Довольно притворной ливреей языческий чуб ворошить!»


Оконная рама разверзлась ветрами лугов и цветов,

И древний кадил разнотравья поднялся в пунцовую высь.

Я выпью ветра за победу, за праведный дар мертвецов,

За ноты хулы поколений, с которыми мы не сошлись.


Жемчужное тихое утро! Нет боли, и только мой взор

Вращает послед откровений, оставленный кем-то для жил.

Я молча сидел под бесшумной Фригией, зашитой в узор,

И не было злобы, с которой я добрую долю прожил.


Я думал о том, как всё в мире безумно и, всё же, легко,

Как может материя пасть под энергией мозга творца,

Как сила моя велика, но груз бремени несть тяжело.

Я думал о звёздах, о жарком дыхании полукольца.


Я думал о силе бессильных в движении грёз и частиц,

О том, что каскады раздумий приносят мираж и печаль,

И, главное, о человеке – судьбе с визигою десниц

В зависимости от вещи: объятия или меча.


Как долго я выдохи, вдохи всей грудью не делал, увы,

Латая гранатовый колер, что рвался от дел и словес,

Как долго старался запомнить прообраз великой мечты,

С которой я в детстве сражался, сжимая незримый эфес.


Чем дальше я взор устремлял свой, тем глубже садились уста.

Я думал о том, как врагами в миру обзавёлся без ссор…

А солнце уже поднималось, и длинной казалась верста,

Долину пронзая затишьем, пленяя холодный простор.

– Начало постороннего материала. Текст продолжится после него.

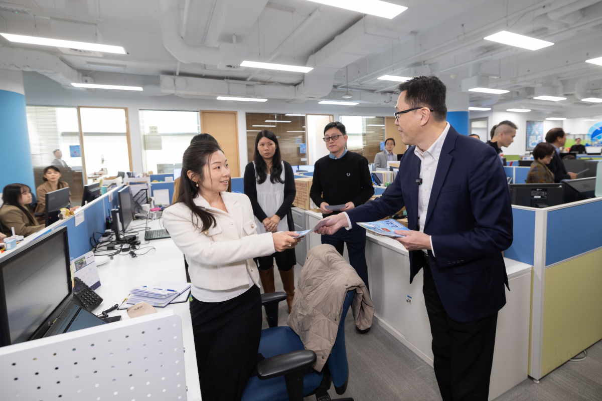 【點新聞報道】創新科技及工業局局長孫東、常任秘書長蔡傑銘、數字政策專員黃志光等今日(25日)親臨數碼港,與數碼港主席陳細明、行政總裁鄭松岩及相關管理層一同出席第八屆立法會換屆選舉宣傳活動,鼓勵數碼港員工及園區企業代表,在12月7日為香港的未來投下重要一票。
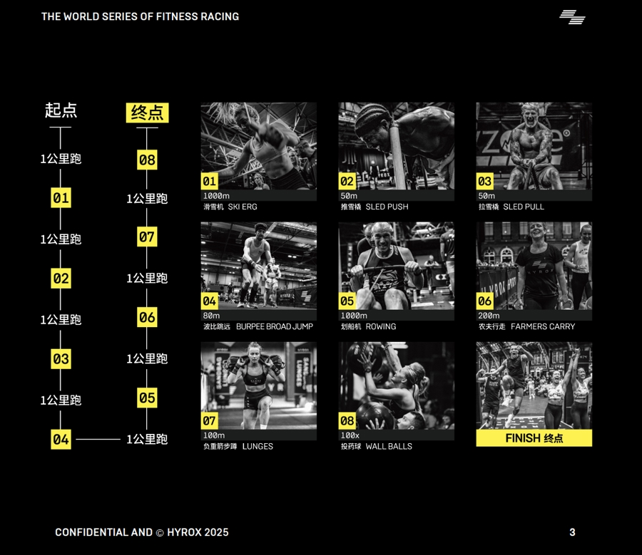 HYROX所提供的,并非一项新的训练方法,而是一套可以被资本、品牌和健身机构共同使用的赛事IP模型:标准化赛制、统一动作、可复制城市站点,以及稳定的参赛人群画像。

Я думал о прошлом, грядущем, о том, что сегодняшний день,

Должно быть, закончится также, как жизнь холостая моя.

Я думал о сломанных судьбах, о том, как сгорает сирень

В ристалище полуобамана, обиду на правду тая.


Звон колокола продолжался, и вот, оглянувшись на мир,

Я новой волной окаймил вдруг и церковь, и травы, и сад.

За церковью – море, за морем – кровей золотой эликсир,

И, кажется, новое время по Данте скандирует ад:


«Повсюду, куда не подайся, глаголет могильный мандат:

Час ужаса нас миновал, но прорезался на кандалах.

И что не досталось убийце, закрыл своим телом солдат,

И что не осталось младенцу, пролилось в степных облаках».


Вокруг одиночество брызжет своей ядовитой слюной,

И некуда спрятаться, ибо от собственных дум не сбежать,

Ведь стрелы кассетного шторма натянутою тетивой

Уже собираются пасти, закрытые болью, разжать…


Россия, как часто ты плачешь, таясь в опустелой избе?

Каким пресловутым иконам рассказываешь во снах,

Когда прилетали жар-птицы надежду искать по весне,

Незыблемую в белесых, отрадных, тугих парусах?


Всем так надоело быть кем-то притворным, но жизнь такова,

Что стать невозможно собою, покуда сжат в гневе кулак.

У звёзд вопрошаю: «Как это постичь?»; они челюстью льва

Разносят ответ полудикий с намеченным воем: «Никак!»


Никак!.. Я смотрю за каймою высоток и горных хребтов.

Янтарная зорь, утомляясь, молчит, я молчу вместе с ней.

Осмысленный горб поколений, вопросов, декад и веков

Врос в спину мою рудиментом, с которым мне до конца дней


Прожить суждено. Всё так глупо, вокруг светом залитый сон.

И нет ничего, кроме неба и мыслей, и слов про мечту.

Но вот какофония гонга смолкает, и ждёт горизонт

Чего-то, что в воздухе стынет, и я тоже этого жду.


Труд кончен! Свершив озаренье, от чуда немеет десна.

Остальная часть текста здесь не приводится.